▶ [Material provided]:
┄┄┄┄┄┄

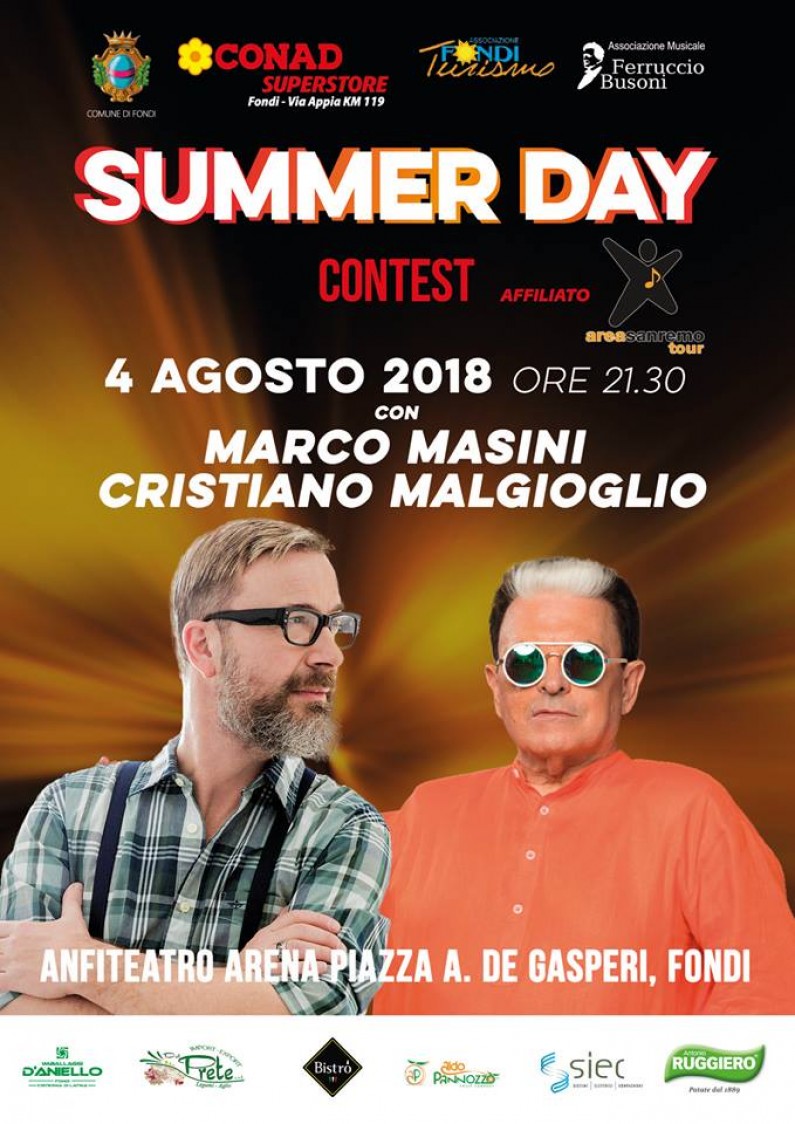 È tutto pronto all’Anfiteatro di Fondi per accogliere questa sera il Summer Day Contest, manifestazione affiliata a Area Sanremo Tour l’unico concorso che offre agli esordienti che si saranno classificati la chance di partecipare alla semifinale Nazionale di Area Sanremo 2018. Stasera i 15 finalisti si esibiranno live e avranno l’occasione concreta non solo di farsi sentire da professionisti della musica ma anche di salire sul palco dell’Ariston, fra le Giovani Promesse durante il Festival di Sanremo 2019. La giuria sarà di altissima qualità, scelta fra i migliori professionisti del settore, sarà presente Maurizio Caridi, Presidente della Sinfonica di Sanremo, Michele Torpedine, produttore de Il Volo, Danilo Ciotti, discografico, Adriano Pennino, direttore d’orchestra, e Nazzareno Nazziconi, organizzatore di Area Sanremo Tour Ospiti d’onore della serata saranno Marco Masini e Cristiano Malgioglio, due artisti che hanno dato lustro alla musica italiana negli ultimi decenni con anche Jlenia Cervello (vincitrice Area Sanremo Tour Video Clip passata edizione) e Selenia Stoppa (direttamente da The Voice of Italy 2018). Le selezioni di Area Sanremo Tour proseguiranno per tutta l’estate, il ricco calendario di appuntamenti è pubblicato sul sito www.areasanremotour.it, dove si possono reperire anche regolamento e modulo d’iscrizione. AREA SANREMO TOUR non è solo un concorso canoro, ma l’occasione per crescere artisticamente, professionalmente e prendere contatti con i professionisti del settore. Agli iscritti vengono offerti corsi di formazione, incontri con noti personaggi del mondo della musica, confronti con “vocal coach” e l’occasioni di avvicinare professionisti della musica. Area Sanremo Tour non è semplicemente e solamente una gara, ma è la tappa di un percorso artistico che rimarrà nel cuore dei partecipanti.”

┄┄┄┄┄┄

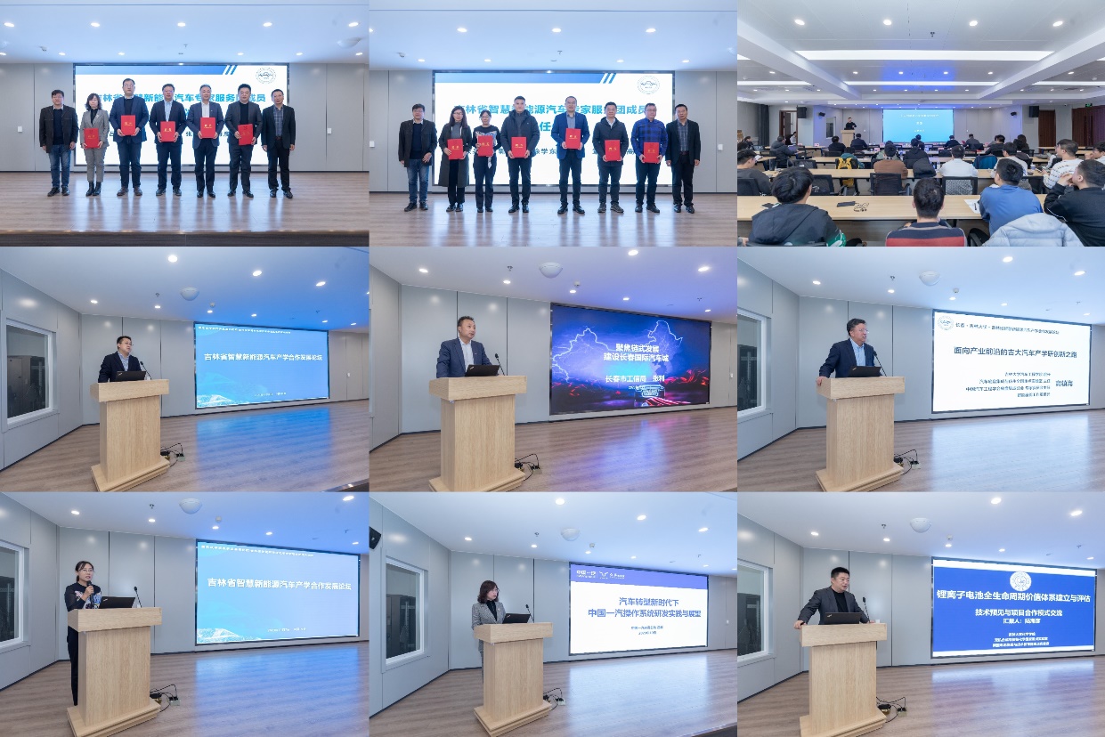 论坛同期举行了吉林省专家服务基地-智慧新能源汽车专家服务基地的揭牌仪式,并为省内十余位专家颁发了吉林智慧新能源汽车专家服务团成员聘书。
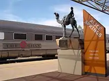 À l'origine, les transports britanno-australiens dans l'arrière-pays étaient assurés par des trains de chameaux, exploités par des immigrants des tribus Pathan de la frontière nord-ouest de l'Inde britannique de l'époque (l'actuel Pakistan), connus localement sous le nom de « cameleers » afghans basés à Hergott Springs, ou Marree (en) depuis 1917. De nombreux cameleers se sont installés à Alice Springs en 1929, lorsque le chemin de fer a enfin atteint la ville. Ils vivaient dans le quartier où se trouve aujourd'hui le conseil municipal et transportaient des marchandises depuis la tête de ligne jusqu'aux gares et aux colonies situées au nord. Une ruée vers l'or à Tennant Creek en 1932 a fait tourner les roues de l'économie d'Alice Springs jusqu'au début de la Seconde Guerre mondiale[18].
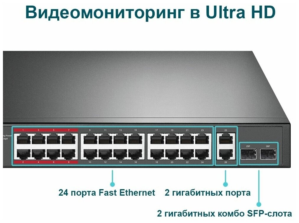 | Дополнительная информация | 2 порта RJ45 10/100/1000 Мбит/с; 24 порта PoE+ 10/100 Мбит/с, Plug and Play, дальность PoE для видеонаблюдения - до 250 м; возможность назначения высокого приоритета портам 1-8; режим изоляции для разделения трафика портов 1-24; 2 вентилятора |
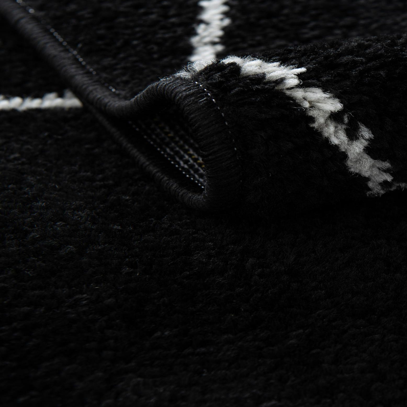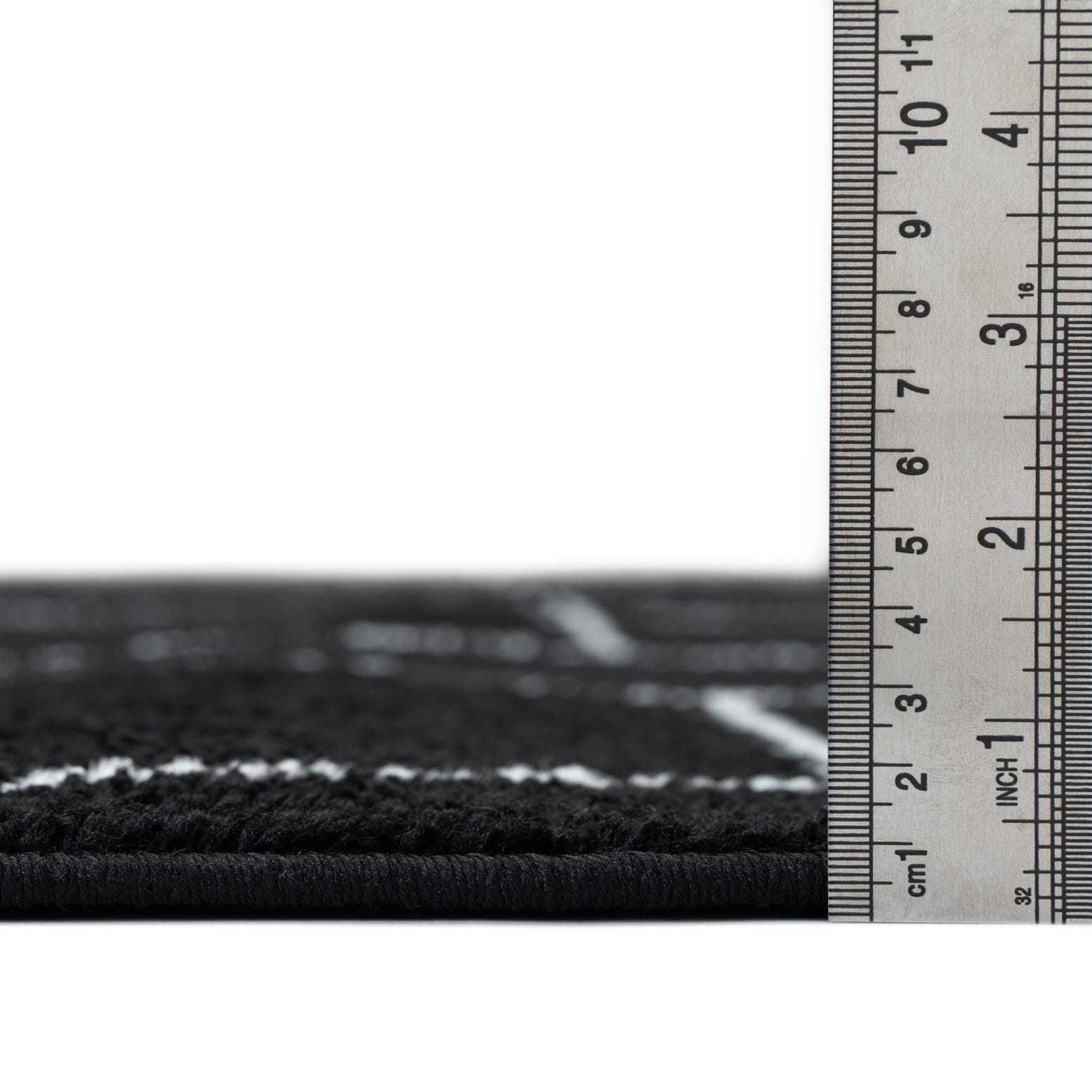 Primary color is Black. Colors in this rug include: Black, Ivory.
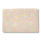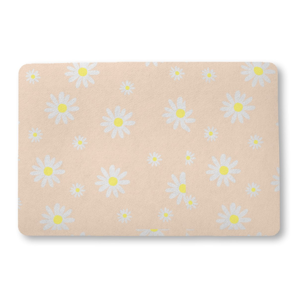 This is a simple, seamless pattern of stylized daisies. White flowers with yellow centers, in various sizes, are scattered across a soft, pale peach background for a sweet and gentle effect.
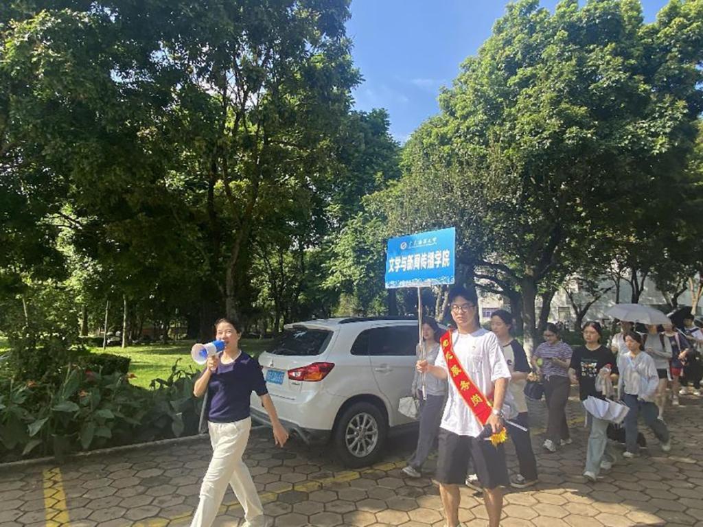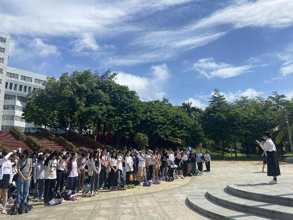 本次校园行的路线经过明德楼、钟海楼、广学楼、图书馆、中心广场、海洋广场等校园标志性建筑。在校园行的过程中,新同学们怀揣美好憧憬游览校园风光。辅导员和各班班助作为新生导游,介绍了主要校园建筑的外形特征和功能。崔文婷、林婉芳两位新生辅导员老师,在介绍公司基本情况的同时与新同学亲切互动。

┄┄┄┄┄┄

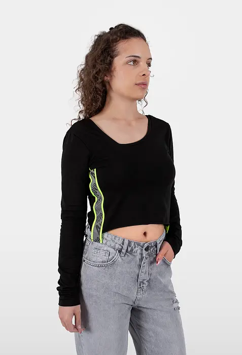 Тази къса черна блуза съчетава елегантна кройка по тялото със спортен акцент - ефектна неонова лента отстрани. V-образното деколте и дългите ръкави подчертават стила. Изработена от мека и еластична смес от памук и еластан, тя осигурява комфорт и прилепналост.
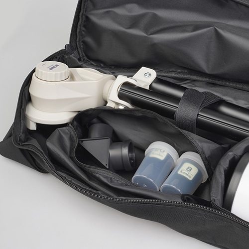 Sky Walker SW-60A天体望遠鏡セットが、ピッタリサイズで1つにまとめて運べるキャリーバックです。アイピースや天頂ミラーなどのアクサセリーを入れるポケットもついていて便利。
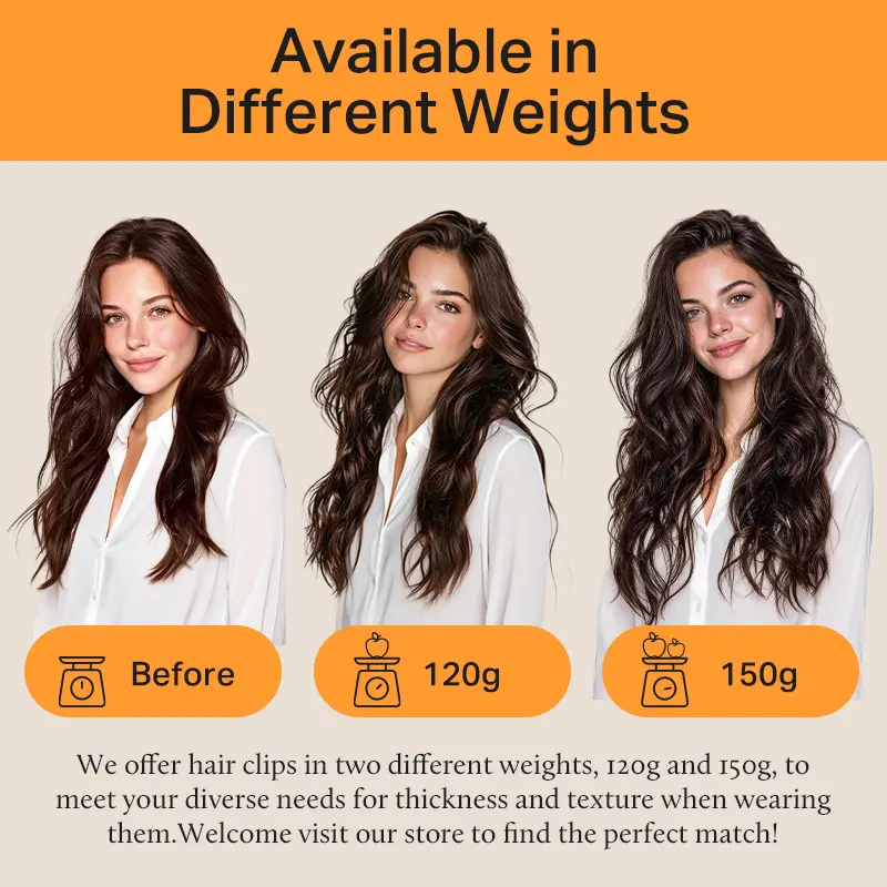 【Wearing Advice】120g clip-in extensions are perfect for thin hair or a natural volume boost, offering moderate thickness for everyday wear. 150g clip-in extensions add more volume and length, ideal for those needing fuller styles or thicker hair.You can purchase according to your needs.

┄┄┄┄┄┄

▶ [What this task involves]:
Output exactly the stretch of the listing that begins at the line containing "This is a simple, seamless" and ends at the line containing "本次校园行的路线经过明德楼、", both kept. Omit pictures and everything else.

▶ [Answer to the exercise]:
 This is a simple, seamless pattern of stylized daisies. White flowers with yellow centers, in various sizes, are scattered across a soft, pale peach background for a sweet and gentle effect.
 本次校园行的路线经过明德楼、钟海楼、广学楼、图书馆、中心广场、海洋广场等校园标志性建筑。在校园行的过程中,新同学们怀揣美好憧憬游览校园风光。辅导员和各班班助作为新生导游,介绍了主要校园建筑的外形特征和功能。崔文婷、林婉芳两位新生辅导员老师,在介绍公司基本情况的同时与新同学亲切互动。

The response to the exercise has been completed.